Tara could still hear her laughing as she walked out the door and into the street. A simple question between friends, she thought, pausing to marvel at the recent changes that had swept through the village in the weeks leading up to the festival. Purple petunias burst from planters on the steps of the market. Fuchsia curled wild over the stone walls lining the road up to her cottage. Geraniums popped in pinks and reds from the boxes under the windows of the pub.
Spring was rolling out its vibrant carpet for summer and somehow, in that same snatch of time, she had managed to make a friend. A true friend. A friend who asked about her love life. Who prodded her for details.
Laughter bubbled up in her own throat. She had a love life, she thought, walking across the street to the market. An actual lover. One who couldn’t keep his hands off her. Not because he wanted to claim her or change her. But because he wanted her for who she was. Who she really was.

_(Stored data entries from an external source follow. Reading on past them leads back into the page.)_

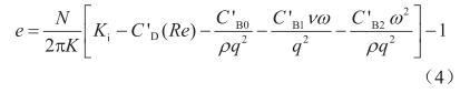 式中q表示体积流量,m3/s;ν表示介质的运动黏度,m2/s;雷诺数Re=4q/(πdν);d表示流量计口径,m;ρ表示介质的密度,kg/m3;C'D、C'B0、C'B1和C'B2分别表示4个待定系数,在某个流量点下标定出的仪表系数(Kf,表示单位体积流体通过流量计时,流量计输出的脉冲数,1/m3)和转子叶片频率(f,s-1)的关系为:
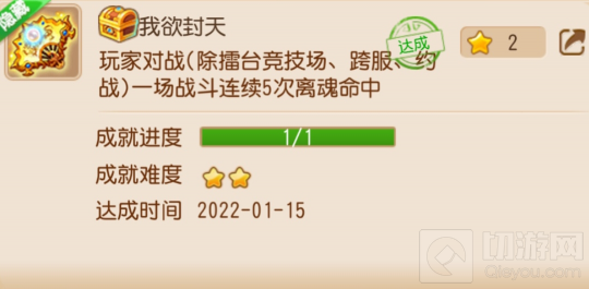 成就内容:玩家对战(除擂台竞技场、跨服、约战)一场战斗连续5次离魂命中
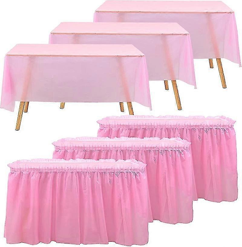 Set Of 3 Pink Plastic Tablecloths Set Of 3 Table Skirts, Rectangular Reusable
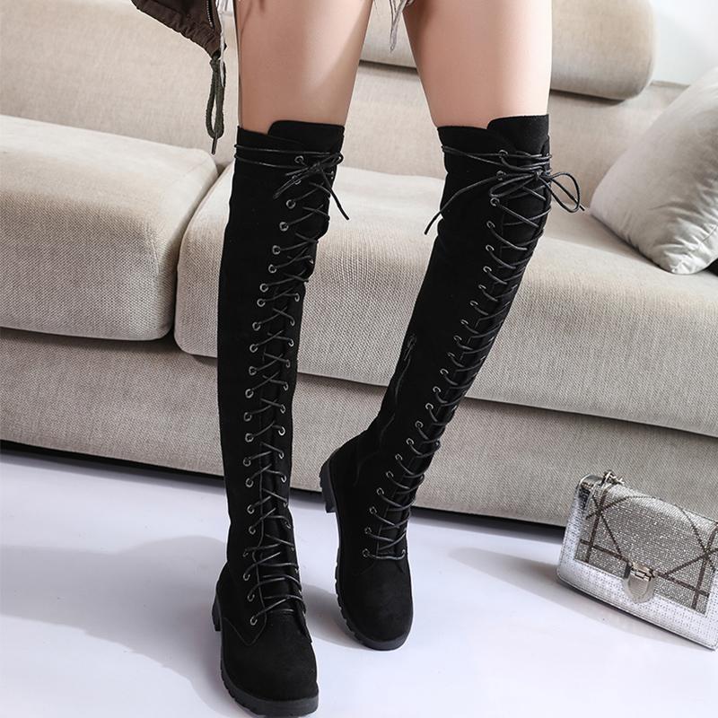 Сексуальные сапоги выше колена на шнуровке женские 2024 осень зима плоские каблуки платформа готические туфли женские длинные сапоги до бедра мода
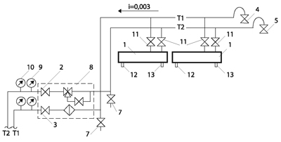 На рисунке вертикальная двусторонняя завеса 1 из четырех секций подключена к отопительной сети через смесительный узел 8.
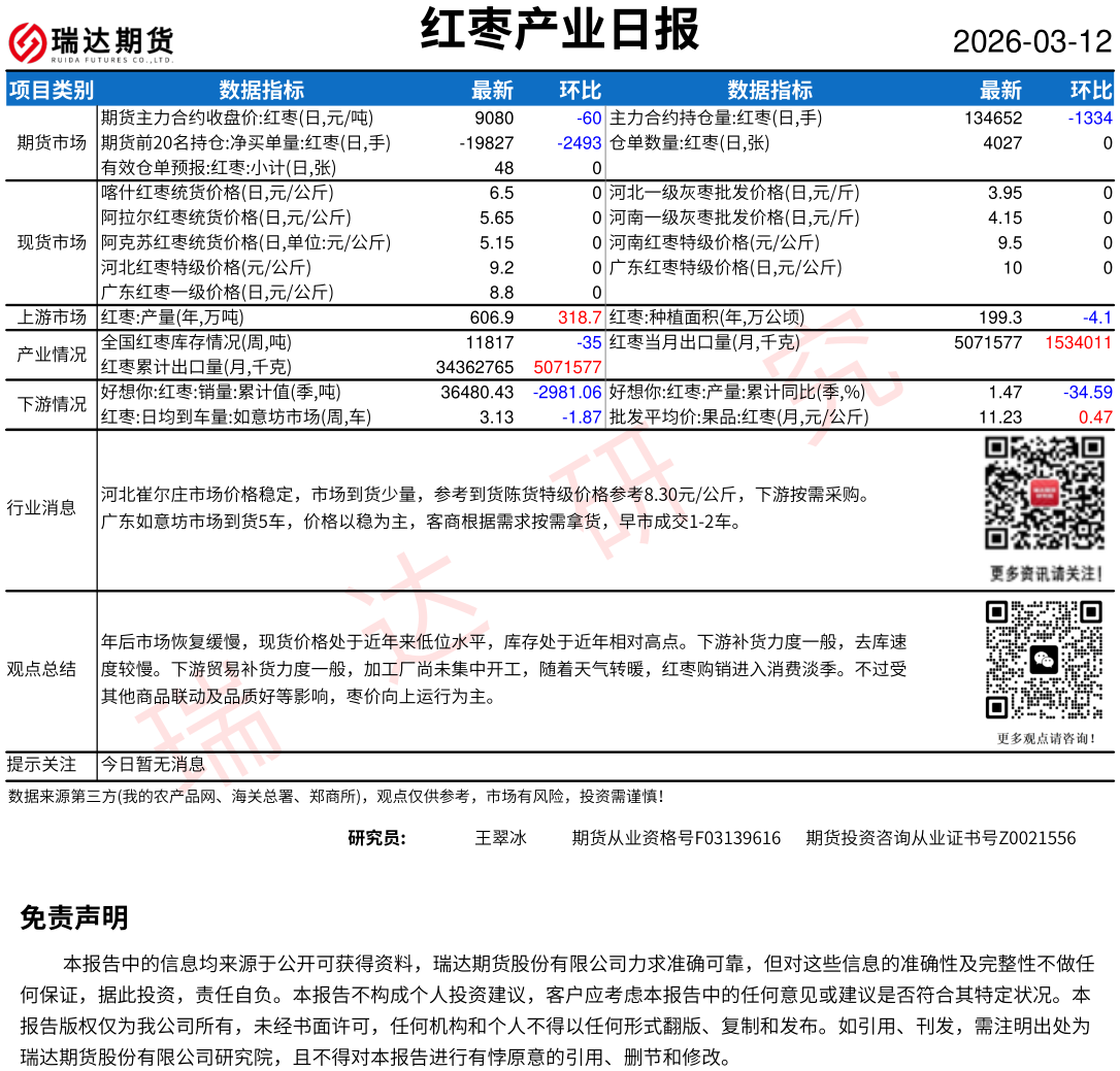 2026-03-12瑞达期货鸡蛋产业日报20260312

Maybe Kelsey was right when she said that sometimes you don’t get proof. Sometimes you just have to believe. If everything in life was on the surface, in perfect light for all to see, there would be no mystery. There would be no magic. There would be nothing to wonder about or dream about or believe in other than what you had, what you could touch, or what you could see.
If she hadn’t believed in herself, she would never have escaped her husband. If she hadn’t believed in a life that could be different, in a future that could have some promise or hope, she could never have run. She could never have found her way here.
The bell chimed as Tara walked into the market and Sarah Dooley glanced up from her ledger, lifting an eyebrow. “What are you smiling about?”
“Nothing,” Tara answered, blushing. “I was just noticing how beautiful the village looked all cleaned up for the festival. I had no idea everyone would go to so much trouble for one weekend.”